One particular application that could use such a representation scheme is video processing. Methods are available for extracting, compressing, searching, and classifying video objects, see for example the various MPEG standards. No such methods exist for "audio" objects, other than when the audio objects are speech.
For example, it maybe desired to search through a video library to locate all video segments where John Wayne is galloping on a horse while firing his six-shooter. Certainly it is possible to visually identify John Wayne or a horse. But it much more difficult to pick out the rhythmic clippidy-clop of a galloping horse, and the staccato percussions of a revolver. Recognition of audio events can delineate action in video.
Another application that could use the representation is sound synthesis. It is not until the features of a sound are identified before it becomes possible to synthetically generate a sound, other than be trail and error.
In the prior art, representations for non-speech sounds have usually focused on particular classes of non-speech sound, for example, simulating and identifying specific musical instruments, distinguishing submarine sounds from ambient sea sounds and recognition of underwater mammals by their utterances. Each of these applications requires a particular arrangement of acoustic features that do not generalize beyond the specific application.
In addition to these specific applications, other work has focused on developing generalized acoustic scene analysis representations.

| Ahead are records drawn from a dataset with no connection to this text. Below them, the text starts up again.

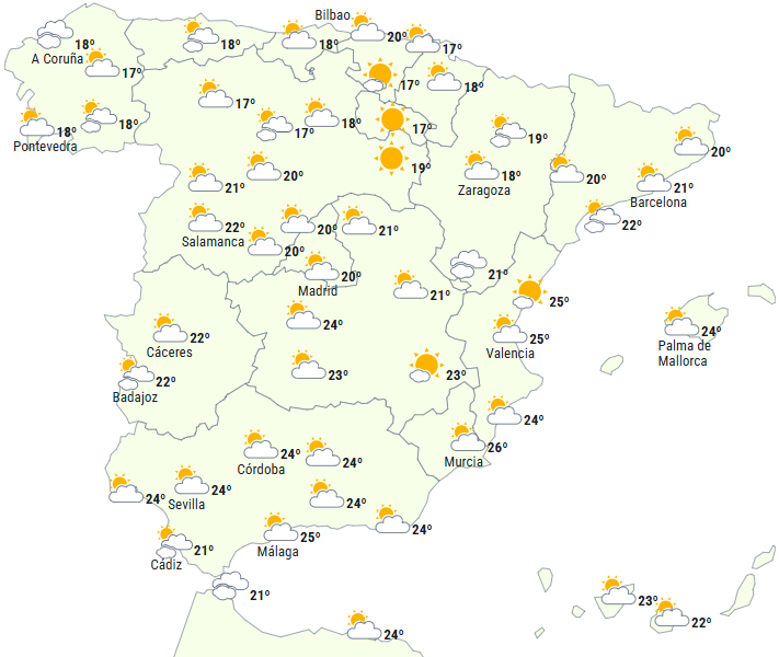Stabilt vejr i størstedelen af landet med overvejende klar himmel eller letskyet med højtliggende skyer, der trænger ind i løbet af dagen fra vest. Kun forventes der fortsat ustabilitet i og omkring Det Baleariske Hav, hvor der ventes overskyet himmel og sandsynlighed for byger ledsaget af lejlighedsvis torden, og det påvirker helt konkret Mallorca, Menorca og kysterne af Catalonien, men det kan også nå det nordlige af Comunitat Valenciana i dagens første timer.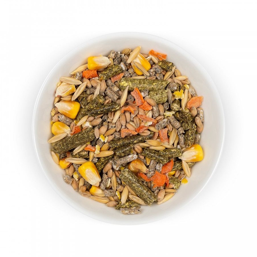 Склад: пшениця, трав’яне борошно гранульоване в асортименті, овес, кукурудзяні пластівці, комбікорм, сушена морква, ячмінь, насіння соняшнику, кукурудза.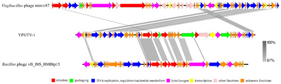 Genome comparison between YPHTV-1 and Virgibacillus phage Mimir87 and Bacillus phage vB_BtS_BMBtp15. The arrow indicates the direction of gene transcription. The gray bar represents similarity.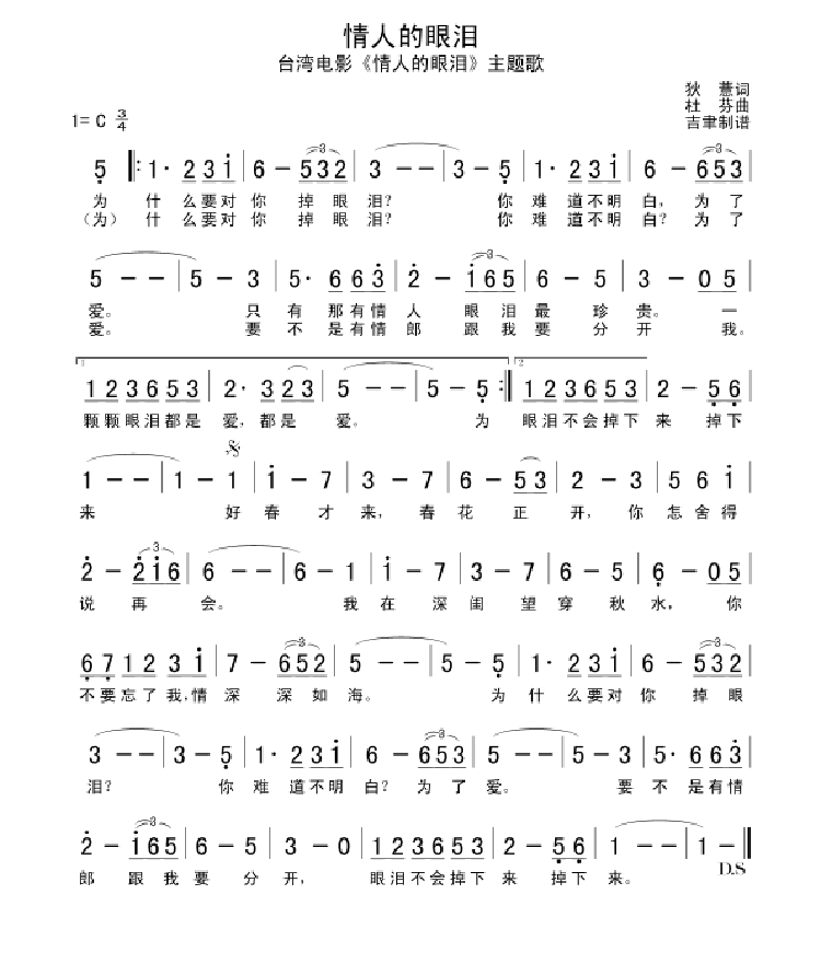 情人的眼泪 简谱

This research has become known as Computational Auditory Scene Analysis. These systems require a lot of computational effort due to their algorithmic complexity. Typically, they use heuristic schemes from Artificial Intelligence as well as various inference schemes. Whilst such systems provide valuable insight into the difficult problem of acoustic representations, the performance of such systems has never been demonstrated to be satisfactory with respect to classification and synthesis of acoustic signals in a mixture.
Therefore, there is a need for a robust and reliable representation that can deal with a broad class of signal mixtures.